De igual manera, esa Corporación explicó que en caso de aceptarse la procedencia de una acción de tutela contra una sentencia de tutela la efectividad del amparo “quedaría indefinidamente postergada hasta que el vencido en un proceso de tutela decidiera no insistir en presentar otra tutela contra el fallo que le fue adverso para buscar que su posición coincida con la opinión de algún juez.
En este evento, seguramente el anteriormente triunfador iniciará la misma cadena de intentos hasta volver a vencer” (Sentencia SU-1219 de 2001, reiterada en la Sentencia T-286 de 2018). Pese a ello, la Corte Constitucional ha señalado que en ciertos escenarios excepcionalísimos es posible acudir a la acción de tutela para cuestionar sentencias de tutela cuando ha existido fraude y se habría configurado una cosa juzgada fraudulenta (CC, Sentencia SU-627 de 2015).
Por ende, la tutela procede cuando se trata de “revertir o de detener situaciones fraudulentas y graves, suscitadas por el cumplimiento de una orden proferida en un proceso de amparo” (CC, Sentencia T-373 de 2014). En cualquier caso, para que en este tipo de escenarios proceda una solicitud de amparo es necesario que también se cumplan los requisitos generales de procedibilidad para cuestionar providencias judiciales y que, además, se acredite que “(i) la acción de tutela presentada no comparta identidad procesal con la solicitud de amparo cuestionada;
(ii) se demuestre de manera clara y suficiente, que la decisión adoptada en la sentencia de tutela fue producto de una situación de fraude (Fraus omnia corrumpit) [footnoteRef:2]; y (iii) no exista otro medio, ordinario o extraordinario, eficaz para resolver la situación” (CC, Sentencia SU-627 de 2015). [2: En la Sentencia T-023 de 2023 la Corte Constitucional explicó que “el estándar de prueba requerido para dar por demostrada una situación de fraude es particularmente exigente.
El interesado en revertir fallos de tutela tiene el deber de aportar medios de pruebas que demuestren con un alto grado de certeza, es decir, de manera ‘clara’, ‘cierta’, ‘suficiente’ y ‘coherente’”.] Con base en estas consideraciones, la Sala estima que la acción de tutela presentada por HELBER JULIÁN MESA SIERRA en contra del Juzgado Promiscuo Municipal de Mogotes y del Juzgado Primero Penal del Circuito de San Gil es improcedente, pues esta no se presentó dentro de un término razonable y el actor no cumplió con la carga de alegar la vulneración al interior del proceso judicial, pese a que contó con la oportunidad para hacerlo.
De igual modo, esta Corte no encuentra acreditado el fraude en el trámite de tutela cuestionado.

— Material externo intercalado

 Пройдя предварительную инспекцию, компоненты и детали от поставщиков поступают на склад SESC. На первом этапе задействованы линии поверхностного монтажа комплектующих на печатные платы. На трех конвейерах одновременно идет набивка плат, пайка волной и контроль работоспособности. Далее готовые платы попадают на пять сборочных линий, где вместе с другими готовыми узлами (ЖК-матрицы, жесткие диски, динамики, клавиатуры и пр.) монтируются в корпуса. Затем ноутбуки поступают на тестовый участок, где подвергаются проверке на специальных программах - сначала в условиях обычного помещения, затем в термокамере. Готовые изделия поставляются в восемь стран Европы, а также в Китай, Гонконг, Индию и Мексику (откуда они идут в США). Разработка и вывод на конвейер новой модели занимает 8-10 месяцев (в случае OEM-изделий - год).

A continuación, se precisan los motivos por los cuales se llega a esta conclusión: En primer lugar, la Corte evidencia la última sentencia de tutela cuestionada data del 5 de diciembre de 2022, mientras que la acción de tutela que ahora ocupa su atención se presentó el 5 de diciembre de 2023, es decir, un año después, término que se considera irrazonable, máxime cuando el accionante no expone ningún motivo que justifique su tardanza.
Por esta razón no se encuentra cumplido el requisito de inmediatez. En segundo lugar, la Sala toma nota de que en el trámite de tutela que ahora se censura el accionante buscó que se le respondiera una solicitud que presentó con el propósito de que se levantara una medida cautelar. Esta Corporación, sin embargo, no evidencia que el accionante hubiese presentado algún argumento relacionado con la aparente indebida integración del contradictorio en el proceso policivo.

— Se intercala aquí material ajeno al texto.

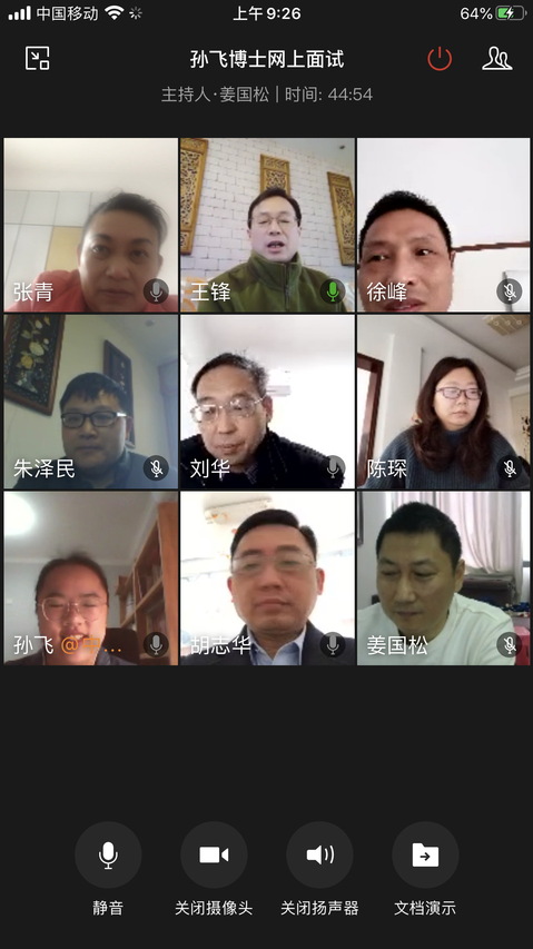 46日,计算机学院组织了拟引进博士的面试工作,校党委常委王锋、人事处副处长徐峰、学院相关领导老师作为评委参加。鉴于目前新冠肺炎疫情防控的形势,本次面试采取线上视频形式进行。

Esto, además, tiene una especial importancia en este caso, pues este cuestionamiento no solo se debió haber presentado en el primer proceso de amparo, sino principalmente en el proceso de policía. Como lo reconoció la Corte Constitucional, la acción de tutela no puede instrumentalizarse para construir una cadena interminable de demandas que terminen por socavar el principio de seguridad jurídica.

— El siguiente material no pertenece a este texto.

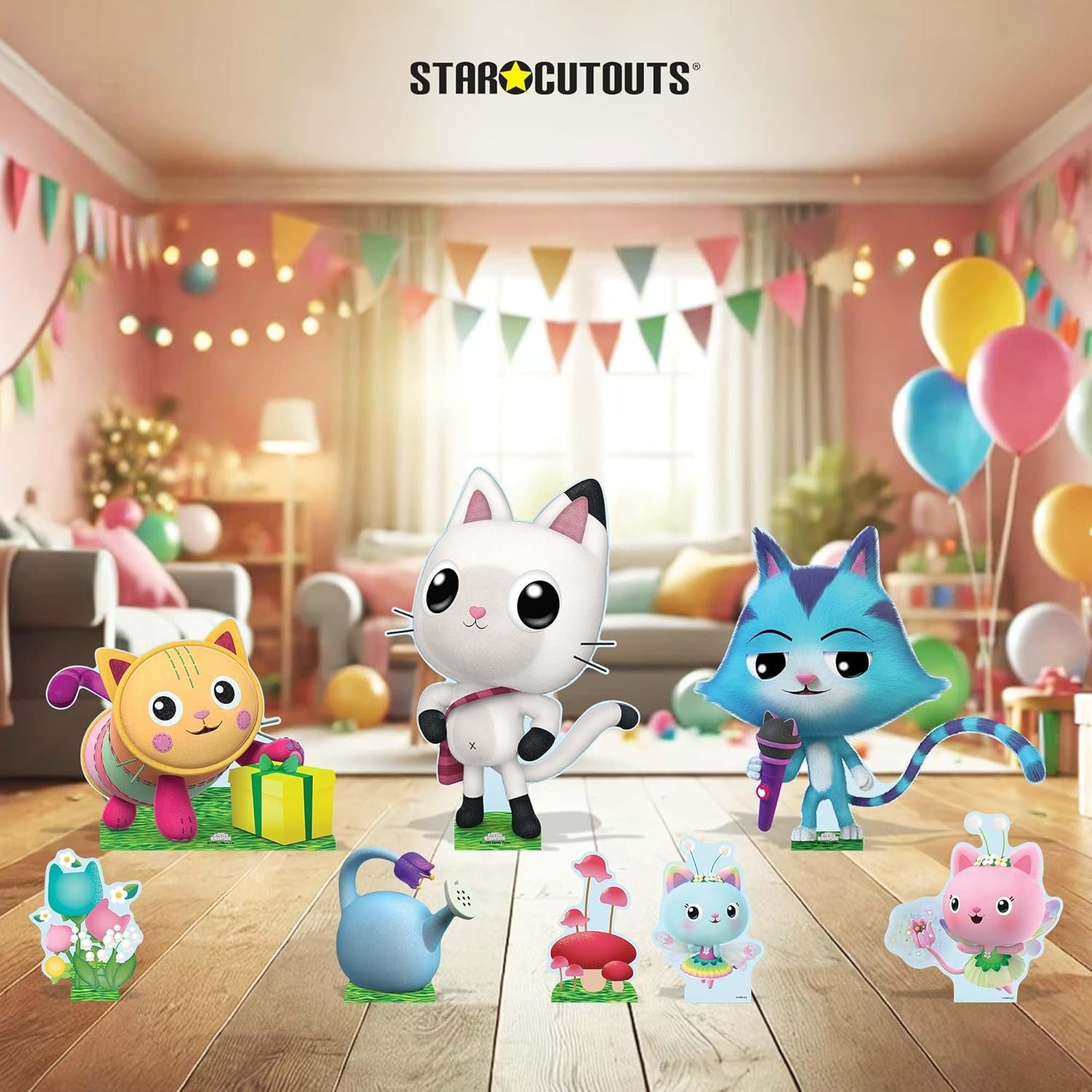 From Pandy Paws’ cuddly sweetness to CatRat’s cheeky antics and Pillow Cat’s dreamy calm, these vibrant standees capture everything kids love about Gabby’s Dollhouse. With a mix of character cutouts and themed tabletop decorations, this pack lets you build your own playful Dollhouse scene for parties, playrooms, or displays.

En tercer lugar, la Corte no evidencia ningún indicio de fraude en las providencias de tutelas reprochadas. El accionante no acredita de manera clara, cierta, suficiente y coherente la existencia de alguna irregularidad que habilite la procedencia material del amparo. Su cuestionamiento tan solo se centra en la aparente indebida integración del contradictorio en el proceso de policía. Esto, además, evidencia una incorrecta comprensión del precedente constitucional sobre la materia.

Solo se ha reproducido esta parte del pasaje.